* [What this task involves]: Within the entries below, please return exactly the lines from the one with "MARY JANE FLATS" through the one with "MH/T 7005-1995 旅客运输机与直升机座舱卫生标准", leaving out any pictures.

* [Given records]:
=-=-=

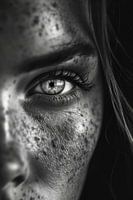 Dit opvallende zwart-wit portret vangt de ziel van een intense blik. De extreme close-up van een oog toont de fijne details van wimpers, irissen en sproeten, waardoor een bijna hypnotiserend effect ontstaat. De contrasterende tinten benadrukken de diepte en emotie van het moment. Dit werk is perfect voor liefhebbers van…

=-=-=

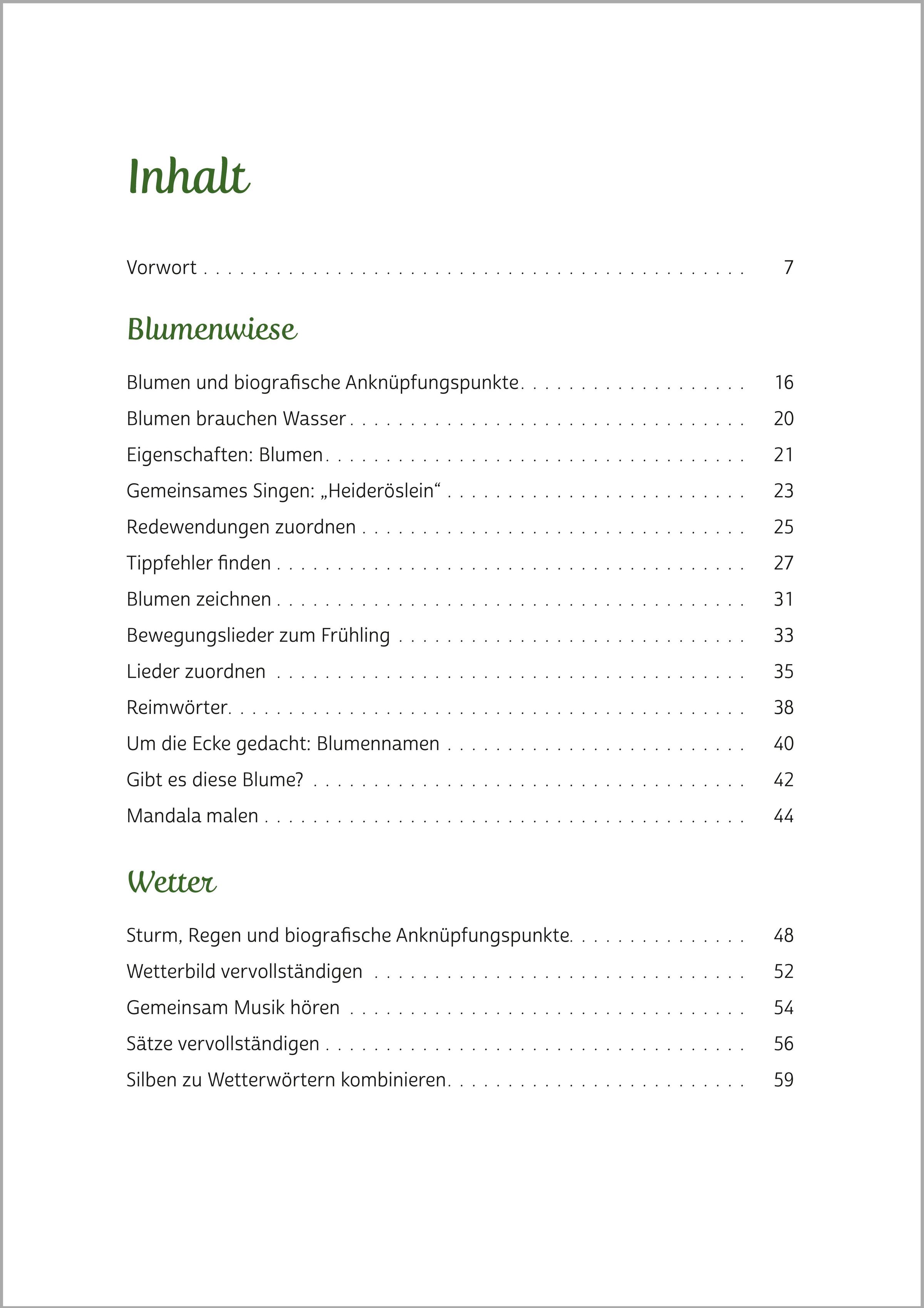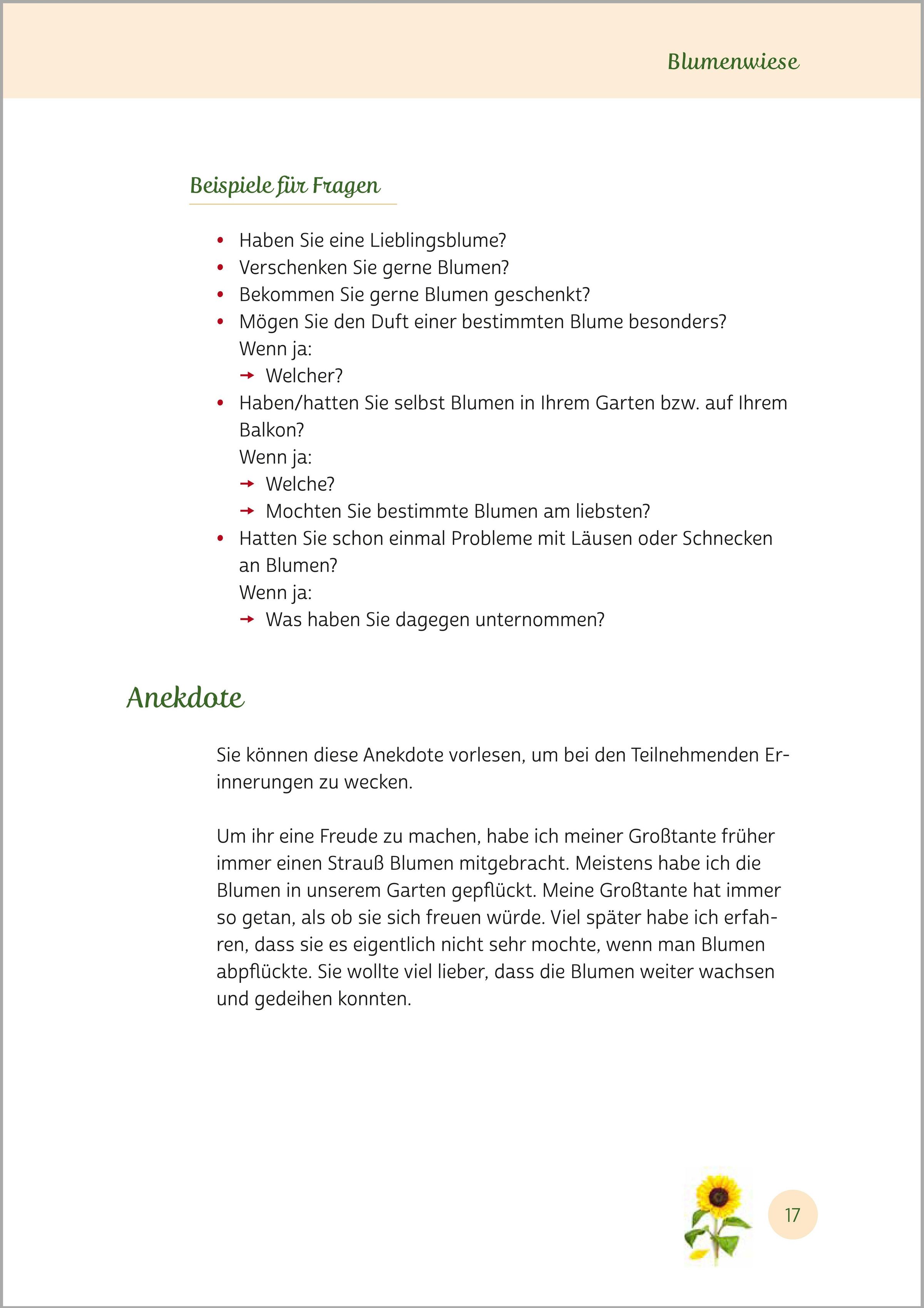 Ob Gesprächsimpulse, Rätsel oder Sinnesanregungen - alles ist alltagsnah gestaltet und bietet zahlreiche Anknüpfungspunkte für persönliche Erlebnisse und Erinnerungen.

=-=-=

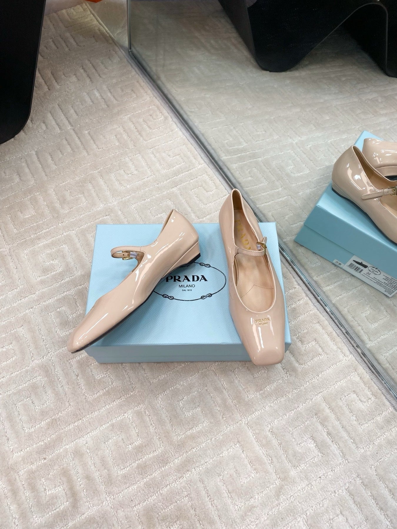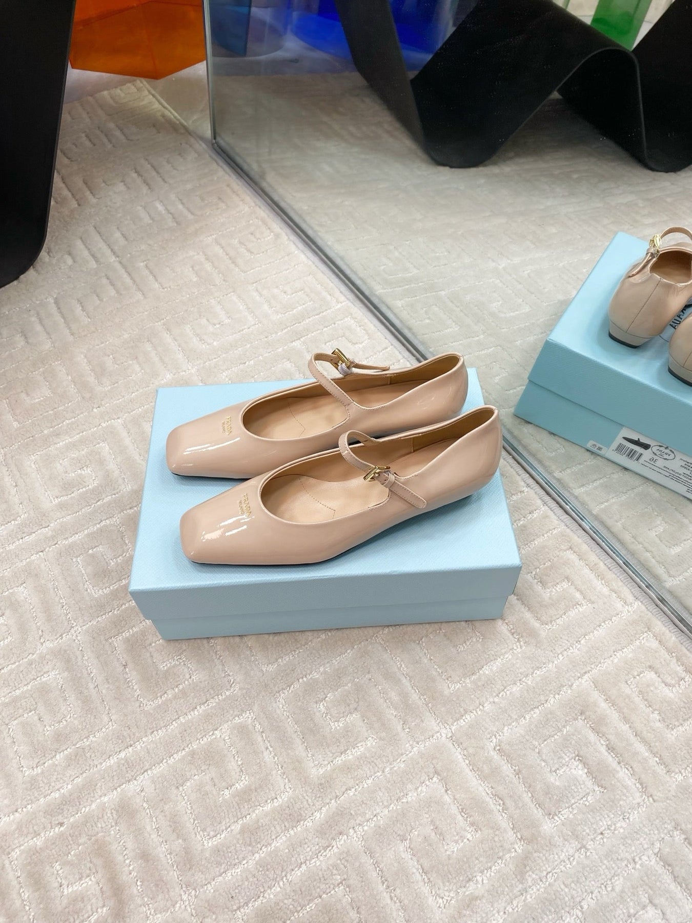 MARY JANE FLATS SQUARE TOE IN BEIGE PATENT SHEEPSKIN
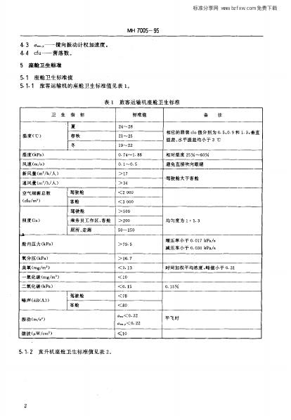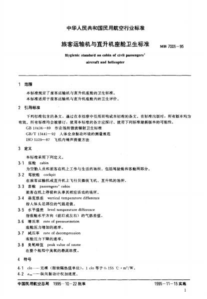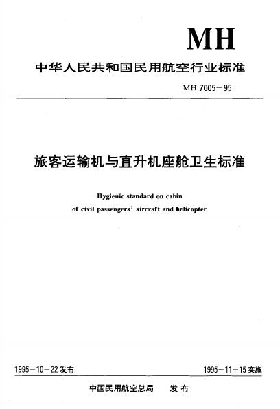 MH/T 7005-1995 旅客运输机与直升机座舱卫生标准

=-=-=

* [Completed task]:
 MARY JANE FLATS SQUARE TOE IN BEIGE PATENT SHEEPSKIN
 MH/T 7005-1995 旅客运输机与直升机座舱卫生标准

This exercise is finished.